Dalam situasi pandemi Covid 19 menuju hidup kenormalan baru (New Normal), bukanlah berarti kekhawatiran, kecemasan, dan ketakutan juga turut berakhir pula. Saya yang tinggal di daerah kompleks perumahan turut merasa takut tatkala mendapat kabar ada warga kompleks ternyata positif Covid 19. Tetapi, saya tetap berserah diri dan mohon perlindungan Tuhan dijauhkan dari penyakit ini, selain melaksanakan Protokol Kesehatan.  Tetapi, ada hikmah pandemi Covid 19 ini, karena setiap kita lebih peduli kesehatan, sayang dan perhatian pada diri sendiri serta keluarga. Begitupun dengan Protokol Kesehatan menjadi kebiasaan hidup.

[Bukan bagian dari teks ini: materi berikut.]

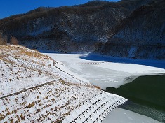 | L余地ダムに到着 | Lダム湖は全面結氷はしていなかった。 |
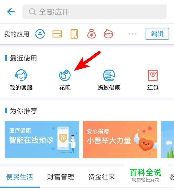 在更多页面,点击打开‘花呗’
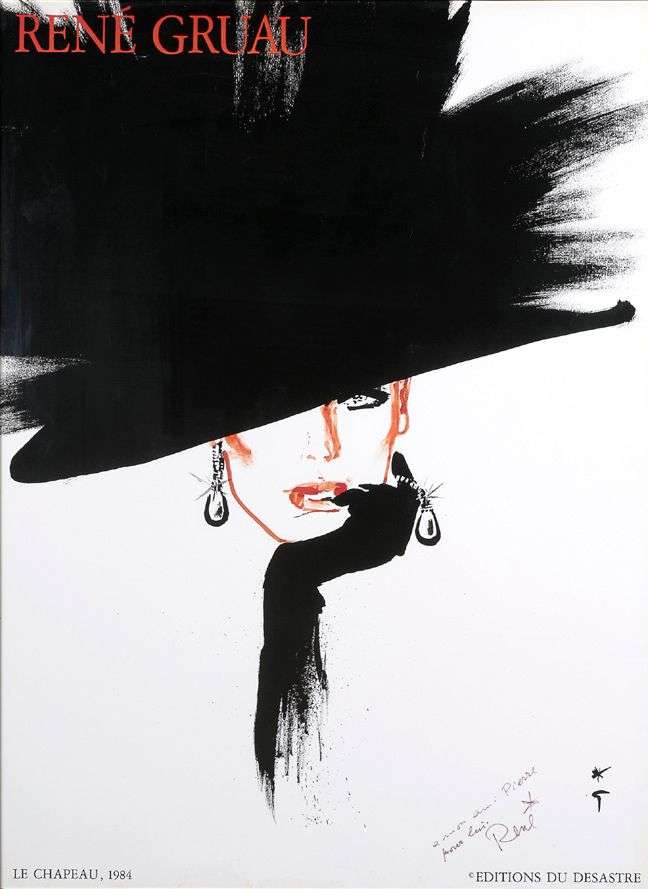 Poster RENE GRUAU Le Chapeau, 1984, Edition du Désastre, dédicated and signed lower right
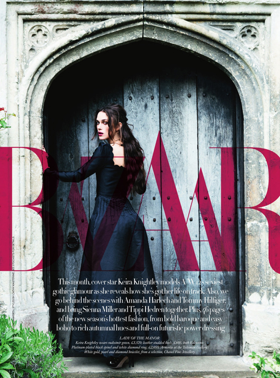 The latest September 2012 cover has been released and it belongs to none other than Keira Knightley who graces Harper’s Bazaar UK for the month.
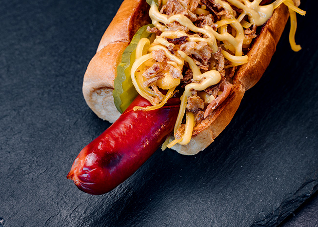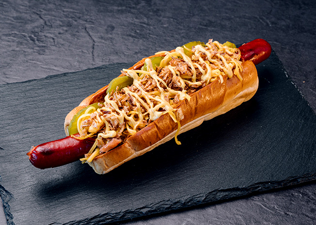 Tento hot dog není pro slabé povahy! Legendární 27 cm dlouhé borkovo bidlo ukryté v šťavnaté housce. K tomu chuťově poctivá hořčice, mexican pickles, cheddar a křupavá slanina a cibulka pro ten správný crunch.

Maka, kalau tidak sangat perlu sekali, saya tidak akan keluar rumah. Hal demikian juga saya ajarkan pada tiga anak. Sejak ‘belajar di rumah saja’, anak-anak mengisi waktunya dengan membahas tugas-tugas online yang diberikan gurunya, menonton televisi, atau bermain handphone – dengan waktu yang dibatasi. Bisa terjadi, ada kebosanan tersendiri mereka ‘terkurung’ sekian lama di rumah. Patut saya syukuri, sebelum pandemi Covid 19 pun, mereka termasuk “anak rumahan” dan tidak banyak tuntutan. Untuk mengusir kejenuhan, kami rekreasi bersama murah meriah saja.

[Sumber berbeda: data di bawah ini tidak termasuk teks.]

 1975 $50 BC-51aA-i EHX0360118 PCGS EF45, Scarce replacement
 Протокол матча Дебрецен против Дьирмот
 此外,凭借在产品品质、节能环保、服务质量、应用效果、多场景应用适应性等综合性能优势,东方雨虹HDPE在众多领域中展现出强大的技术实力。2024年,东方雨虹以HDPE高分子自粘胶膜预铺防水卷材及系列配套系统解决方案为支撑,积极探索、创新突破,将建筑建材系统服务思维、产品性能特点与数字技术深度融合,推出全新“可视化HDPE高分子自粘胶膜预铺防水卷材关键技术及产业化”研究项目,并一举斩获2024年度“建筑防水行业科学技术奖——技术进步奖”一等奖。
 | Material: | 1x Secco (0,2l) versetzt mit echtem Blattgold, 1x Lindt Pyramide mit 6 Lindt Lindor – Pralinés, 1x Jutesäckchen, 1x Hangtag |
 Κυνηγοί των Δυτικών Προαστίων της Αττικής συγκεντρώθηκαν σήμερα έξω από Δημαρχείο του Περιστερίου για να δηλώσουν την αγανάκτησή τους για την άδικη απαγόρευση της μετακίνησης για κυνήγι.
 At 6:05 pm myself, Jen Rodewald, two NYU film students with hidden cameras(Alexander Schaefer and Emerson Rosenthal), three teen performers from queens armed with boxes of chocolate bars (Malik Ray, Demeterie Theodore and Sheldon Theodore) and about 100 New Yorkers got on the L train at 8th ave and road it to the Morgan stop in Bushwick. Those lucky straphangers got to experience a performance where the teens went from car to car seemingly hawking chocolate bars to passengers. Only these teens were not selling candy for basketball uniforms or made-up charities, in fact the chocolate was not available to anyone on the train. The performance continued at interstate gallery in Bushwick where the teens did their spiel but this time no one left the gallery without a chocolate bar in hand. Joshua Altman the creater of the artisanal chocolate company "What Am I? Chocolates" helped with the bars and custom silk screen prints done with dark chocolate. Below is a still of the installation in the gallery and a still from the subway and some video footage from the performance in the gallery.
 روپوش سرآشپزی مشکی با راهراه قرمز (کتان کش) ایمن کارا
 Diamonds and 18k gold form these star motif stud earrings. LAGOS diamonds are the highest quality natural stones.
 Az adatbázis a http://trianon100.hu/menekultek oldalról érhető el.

Sadar tidak mungkin terus-menerus mengurung diri di rumah, kalau tidak terpaksa sekali, saya ‘membekali diri’ dengan menggunakan masker dan minum vitamin C setiap hari. Agar daya tahan tubuh prima. Sepulang dari pasar, saya segera mandi. Hal demikian juga dilakukan suami. Di pintu masuk rumah, disediakan hand-gel. Puji Tuhan, saya senang melihat teman-teman atau orang yang datang berbelanja ke rumah juga peduli kesehatan, termasuk jaga jarak dan gunakan masker. Kalau saya mengantar ke rumah pemesan jualan, tetap jaga jarak. Bahkan, saat menerima uang belanjaan teman, diletakkan dalam kantong plastik. Saya tidak banyak kontak langsung atau memegang uang, karena dianggap sebagai media yang rentan penularan.

Meski telah empat bulan pandemi dan New Normal, namun jujur masih ada kekhawatiran saya penyebaran Covid 19. Saya sadari, kita tidak bisa hidup terus dalam kecemasan dan ketakutan, melainkan harus tetap bersemangat, berusaha, dan berdoa. Hidup ini berlanjut terus.  Tetapi, semua itu saya bawa dalam doa, karena saya yakin dan percaya Tuhanlah yang paling berkuasa.  Saya yakin, semuanya indah pada waktunya. Yang penting, saya telah berusaha memberikan yang terbaik untuk suami dan anak-anak. Saya prihatin dan sedih mendengar berita tentang sesama yang dinyatakan tertular positif Covid 19. Kota Padang akan terus berstatus Zona Merah. Aktivitas harian pun terganggu dan terbatas.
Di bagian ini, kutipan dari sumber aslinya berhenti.